Menschheitsgeschichte Homo sapiens kam 150.000 Jahre früher nach Europa als gedacht

Schon lange diskutieren Forscher darüber, wann der moderne Mensch Europa besiedelt hat. Eine aktuelle Studie zeigt: Es könnte viel früher passiert sein als bislang angenommen.
Schädel mit digitaler Rekonstruktion: Der gerundete Hinterkopf deutet auf eine frühe Form des Homo sapiens hin

Schädel mit digitaler Rekonstruktion: Der gerundete Hinterkopf deutet auf eine frühe Form des Homo sapiens hin

Foto: Katerina Harvati, Eberhard Karls/ University of Tübingen

Der Homo sapiens hat Afrika viel früher verlassen und sich 150.000 Jahre eher in Europa angesiedelt als bisher angenommen, berichten Forscher. Sie haben den Schädel eines modernen Menschen analysiert, der in den Siebzigerjahren in einer Höhle in Südgriechenland entdeckt worden war. Ein unabhängiger Experte warnt jedoch, voreilige Schlüsse aus den Ergebnissen zu ziehen.

Die Forscher um Katerina Harvati von der Universität Tübingen haben beschädigte Teile des Schädels virtuell rekonstruiert und die Knochen auf ein Alter von 210.000 Jahren datiert. Unter anderem aufgrund des gerundeten Hinterkopfs ordneten sie den Schädel einer frühen Form des Homo sapiens zu.

Der Schädel stamme damit vom ältesten modernen Menschen, der außerhalb Afrikas gefunden wurde, schrieben die Wissenschaftler im Fachmagazin "Nature" . Bisher bekannte Homo-sapiens-Funde in Europa sind mehr als 150.000 Jahre jünger.

Neandertaler und moderner Mensch trafen sich in Griechenland

Es gilt als Konsens in der Wissenschaft, dass sich der anatomisch moderne Mensch in Afrika entwickelt und von dort auf der ganzen Welt verbreitet hat. Die jetzt veröffentlichten Forschungsergebnisse zeigten, dass er sich viel früher in Europa ausgebreitet habe als zuvor angenommen, erklärt Paläoanthropologin Harvati.
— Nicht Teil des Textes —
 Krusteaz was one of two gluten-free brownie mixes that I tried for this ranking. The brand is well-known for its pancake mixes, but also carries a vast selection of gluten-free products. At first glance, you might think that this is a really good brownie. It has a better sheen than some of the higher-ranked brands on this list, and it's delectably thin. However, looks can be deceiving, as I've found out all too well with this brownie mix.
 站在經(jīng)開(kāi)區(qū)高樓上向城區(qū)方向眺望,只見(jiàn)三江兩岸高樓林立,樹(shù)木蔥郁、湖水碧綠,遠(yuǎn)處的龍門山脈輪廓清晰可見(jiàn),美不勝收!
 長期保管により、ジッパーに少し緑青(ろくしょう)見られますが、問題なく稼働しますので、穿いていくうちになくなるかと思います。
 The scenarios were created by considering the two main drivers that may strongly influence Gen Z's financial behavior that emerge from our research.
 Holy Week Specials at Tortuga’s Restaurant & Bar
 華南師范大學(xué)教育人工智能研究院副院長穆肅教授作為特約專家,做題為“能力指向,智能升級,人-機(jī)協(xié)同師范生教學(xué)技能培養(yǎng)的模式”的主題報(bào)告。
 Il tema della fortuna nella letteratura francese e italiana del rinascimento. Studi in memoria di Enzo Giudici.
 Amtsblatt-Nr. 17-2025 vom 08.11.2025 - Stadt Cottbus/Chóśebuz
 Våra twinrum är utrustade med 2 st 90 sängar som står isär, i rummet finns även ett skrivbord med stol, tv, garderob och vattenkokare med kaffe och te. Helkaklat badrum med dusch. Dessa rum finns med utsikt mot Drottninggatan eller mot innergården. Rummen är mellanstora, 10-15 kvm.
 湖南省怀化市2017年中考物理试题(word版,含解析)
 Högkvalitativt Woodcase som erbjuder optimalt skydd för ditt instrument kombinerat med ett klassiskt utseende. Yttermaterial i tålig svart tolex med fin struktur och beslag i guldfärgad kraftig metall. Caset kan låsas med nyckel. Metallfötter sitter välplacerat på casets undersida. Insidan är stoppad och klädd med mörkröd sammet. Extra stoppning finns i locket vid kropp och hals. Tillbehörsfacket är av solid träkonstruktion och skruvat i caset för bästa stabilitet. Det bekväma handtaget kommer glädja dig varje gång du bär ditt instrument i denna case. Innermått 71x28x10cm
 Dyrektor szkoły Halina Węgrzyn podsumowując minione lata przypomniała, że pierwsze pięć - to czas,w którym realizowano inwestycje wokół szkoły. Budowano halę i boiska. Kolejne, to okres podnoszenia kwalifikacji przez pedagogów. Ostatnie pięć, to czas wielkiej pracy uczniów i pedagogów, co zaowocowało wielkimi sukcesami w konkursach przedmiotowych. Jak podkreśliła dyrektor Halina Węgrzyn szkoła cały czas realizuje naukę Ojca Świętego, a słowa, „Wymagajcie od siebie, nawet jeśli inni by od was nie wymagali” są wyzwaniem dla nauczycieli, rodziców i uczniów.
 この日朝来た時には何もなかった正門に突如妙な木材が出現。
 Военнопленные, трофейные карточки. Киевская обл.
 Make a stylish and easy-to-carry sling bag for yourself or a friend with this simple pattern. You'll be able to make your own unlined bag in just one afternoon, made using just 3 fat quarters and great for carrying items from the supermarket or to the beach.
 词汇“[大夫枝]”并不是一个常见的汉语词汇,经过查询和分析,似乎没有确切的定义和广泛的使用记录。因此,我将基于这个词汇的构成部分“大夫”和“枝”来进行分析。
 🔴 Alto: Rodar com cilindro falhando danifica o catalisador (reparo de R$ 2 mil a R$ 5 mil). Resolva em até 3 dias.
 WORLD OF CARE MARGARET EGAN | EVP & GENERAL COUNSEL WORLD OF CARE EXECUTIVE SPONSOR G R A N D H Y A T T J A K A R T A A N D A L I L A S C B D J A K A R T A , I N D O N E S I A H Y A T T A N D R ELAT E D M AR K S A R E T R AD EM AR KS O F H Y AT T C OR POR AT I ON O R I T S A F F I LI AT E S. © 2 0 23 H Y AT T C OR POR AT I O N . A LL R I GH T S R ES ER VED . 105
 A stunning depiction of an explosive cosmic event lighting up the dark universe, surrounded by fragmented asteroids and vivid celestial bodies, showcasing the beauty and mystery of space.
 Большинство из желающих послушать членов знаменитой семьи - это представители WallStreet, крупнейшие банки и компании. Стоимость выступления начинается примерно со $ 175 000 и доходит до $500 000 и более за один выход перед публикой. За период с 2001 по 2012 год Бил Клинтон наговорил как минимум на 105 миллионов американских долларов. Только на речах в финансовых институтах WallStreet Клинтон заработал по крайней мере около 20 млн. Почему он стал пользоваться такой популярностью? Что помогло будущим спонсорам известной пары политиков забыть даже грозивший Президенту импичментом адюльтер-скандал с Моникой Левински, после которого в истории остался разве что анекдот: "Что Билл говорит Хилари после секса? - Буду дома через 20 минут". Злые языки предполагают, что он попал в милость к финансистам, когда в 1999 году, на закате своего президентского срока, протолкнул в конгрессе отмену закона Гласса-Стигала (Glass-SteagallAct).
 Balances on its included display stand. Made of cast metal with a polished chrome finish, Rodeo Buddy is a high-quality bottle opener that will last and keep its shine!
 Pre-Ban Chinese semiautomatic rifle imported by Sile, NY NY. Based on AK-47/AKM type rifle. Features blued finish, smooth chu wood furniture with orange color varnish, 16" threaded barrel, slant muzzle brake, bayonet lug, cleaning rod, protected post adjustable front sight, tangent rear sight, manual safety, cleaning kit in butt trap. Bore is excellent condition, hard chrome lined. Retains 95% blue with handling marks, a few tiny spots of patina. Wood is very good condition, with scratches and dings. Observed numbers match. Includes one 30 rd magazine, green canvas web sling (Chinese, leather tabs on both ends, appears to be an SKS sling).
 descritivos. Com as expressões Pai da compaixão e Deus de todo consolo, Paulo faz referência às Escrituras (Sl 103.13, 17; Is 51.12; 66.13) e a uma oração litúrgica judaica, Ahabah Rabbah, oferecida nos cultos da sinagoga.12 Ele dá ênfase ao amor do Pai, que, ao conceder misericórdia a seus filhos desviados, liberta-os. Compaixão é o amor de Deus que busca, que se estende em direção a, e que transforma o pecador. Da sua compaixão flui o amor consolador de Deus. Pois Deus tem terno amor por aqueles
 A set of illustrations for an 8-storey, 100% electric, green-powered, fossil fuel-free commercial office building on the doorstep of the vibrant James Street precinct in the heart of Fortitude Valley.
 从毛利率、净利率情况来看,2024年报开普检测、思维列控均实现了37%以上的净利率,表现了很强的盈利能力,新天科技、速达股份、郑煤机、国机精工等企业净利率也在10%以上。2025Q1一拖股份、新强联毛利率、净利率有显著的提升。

Rekonstruktion des Hinterkopfes: Der Mensch lebte wohl vor 210.000 Jahren

Rekonstruktion des Hinterkopfes: Der Mensch lebte wohl vor 210.000 Jahren

Foto: Katerina Harvati, Eberhard Karls/ University of Tübingen

Einen zweiten Schädel vom gleichen Fundort identifizierten die Forscher als Überrest eines Neandertalers. Ihrer Erkenntnis nach ist er 170.000 Jahre alt.

Die Wissenschaftler schließen daraus, dass in der Epoche des Mittelpleistozän im heutigen Griechenland erst eine frühe Population des Homo sapiens und später Neandertaler lebten. Die Schädelanalysen deuten darauf hin, dass die Neandertaler später wiederum von neu ankommenden anatomisch modernen Menschen verdrängt wurden.

Nach Angaben von Faysal Bibi vom Museum für Naturkunde in Berlin fügen sich die Forschungsergebnisse in eine Reihe von Entdeckungen der vergangenen Jahre etwa aus Israel oder China, die die Geschichte des Homo sapiens immer älter und komplexer scheinen lassen.

Er äußerte aber Vorbehalte, weil die jetzt neu interpretierten Schädelknochen aus Griechenland nur noch in Bruchstücken vorhanden sind. Zudem sei die von den Forschern verwendete radiometrische Datierungsmethode umstritten. In der Vergangenheit habe sie oft falsche Ergebnisse geliefert.

"Es braucht mehr und bessere Fossilien, um jeden zu überzeugen, dass Homo sapiens so früh in Griechenland lebte, und Daten, die das bestätigen", sagte Bibi. "Die neue Studie liefert aber exzellente Gründe, weiter in die Richtung zu forschen."